I am currently in awe of my niece who had about zero words at 21 months, was hardly talking on her second birthday, and now less than a month later is speaking in sentences. 3-10 word sentences. Still kind of rough, but she is getting there. So, while she was behind when she turned 2, she is right on target now. My 2.5 year old was teaching her letters the other day, and DN was having no problems keeping up!


----------



## no5no5 (Feb 4, 2008)

Quote:


> Originally Posted by *Chamomile Girl*
> 
> So I would get him assessed. Can't hurt really and may really help.


I agree with this. Many kids do not talk at 19 months and do not have any problems. Others do not talk at 19 months because, for one reason or another, they are not able to do so. Because you don't know into which category your child falls, it makes sense to take this seriously and seek help just in case. If he does have apraxia or another reason for the delay, the sooner it is addressed the easier it will be for him.


----------



## DevaMajka (Jul 4, 2005)

Ds1 had 3 words at 21mos. He had said other words, but never consistently and correctly. By 2 he had a lot more, and it was fairly quickly that he was using big words and sentences. His pedi suggested speech therapy at 18mos, but dp and I "knew" that it was all good. He had fantastic receptive language- he understood darn near everything we said to him. And he had his ways to communicate- he had a few signs, but mostly it was gestures and stuff. He was obviously communicating, and we knew what he meant.

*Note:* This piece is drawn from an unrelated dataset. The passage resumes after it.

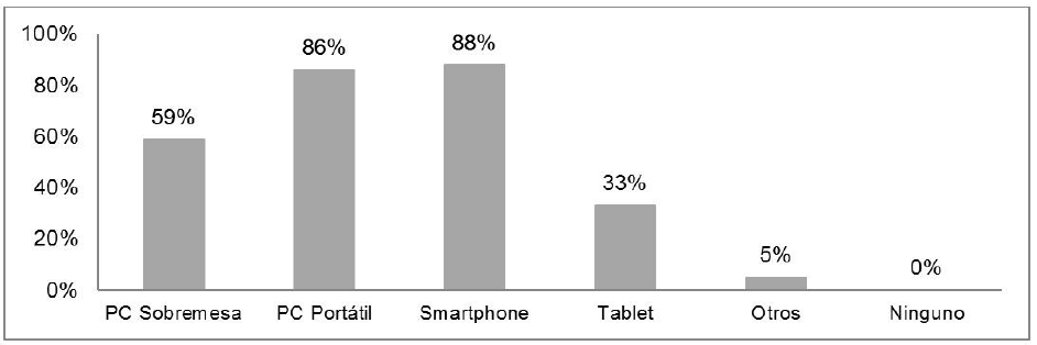Los estudiantes disponían de numerosos aparatos digitales para acceder a la información de la red (Figura 1). Los más habituales (Smartphone y PC Portátil), eran dispositivos que se habían impuesto como herramientas de trabajo y comunicación por su portabilidad y la inmediatez de acceso a la información.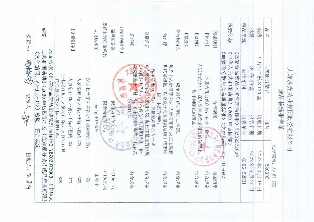 血塞通分散片2209

Ds2 is 19mos and does have a handful of words, but probably not as many as he should have. I'm not concerned. His receptive language doesn't seem as great as ds1's was, but I could be misremembering things.

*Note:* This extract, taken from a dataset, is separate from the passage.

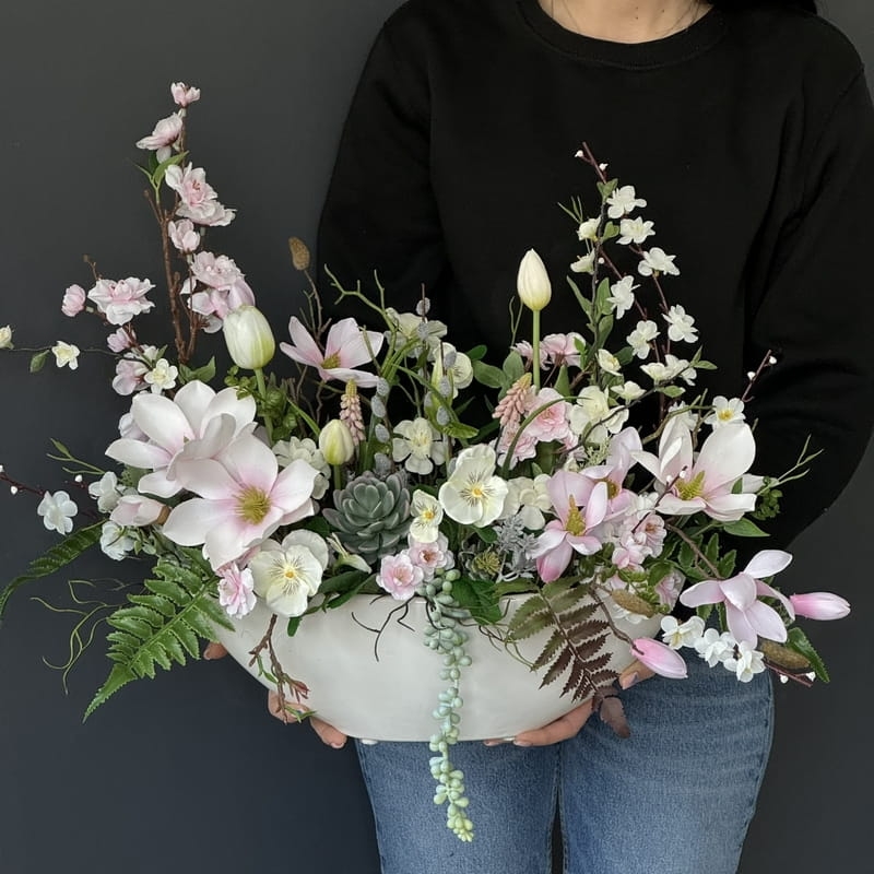 Całoroczna kompozycja kwiatowa, wykonana z kwiatów wysokiej jakości i zielonych dodatków. Całość osadzona w ceramicznej donicy. Kompozycja wykonana jest dość luźno, ma przestrzenny charakter. Stonowana kolorystyka, uzupełniona zielenią liści sprawia, że kompozycja dopasuje się do różnych rodzajów wnętrz. Dekoracja z każdej strony wygląda nieco inaczej. Polecamy do domów prywatnych, ale również do obiektów użyteczności publicznej. Nasze kompozycje to wspaniałe uzupełnienie hotelowych i restauracyjnych wnętrz, a także salonów spa, gabinetów kosmetycznych i lekarskich, klinik i poradni.

I guess what it comes down to me, is if YOU are concerned at all. If you are even a little bit concerned, it can't hurt to talk to EI, kwim?


----------



## lach (Apr 17, 2009)

At this age, receptive language is more important. Can he follow one-step directions? Things like "put the ball in the box" or "give me the spoon"?

If he can do that sort of thing with no problem, then there's nothing to worry about. If his receptive language seems off, it's worth getting his hearing checked. At 15 months my son had no receptive language, and it turned out that he couldn't hear. The earlier you can catch that sort of thing, the better. He had ear tubes, and is now all caught up.


----------



## fawnanddoe (Mar 3, 2009)

The fact that my DS isn't the only one not talking is a relief!

He says cat all the time, but that's about it. He will repeat things back to me after I say things (like juice, shoes, kiss, mama), but never says them on his own. He's super smart though, he can understand just about everything I'm saying, from "go inside the house" from our car to "can you go get your bunny for me?" - so I KNOW he's smart.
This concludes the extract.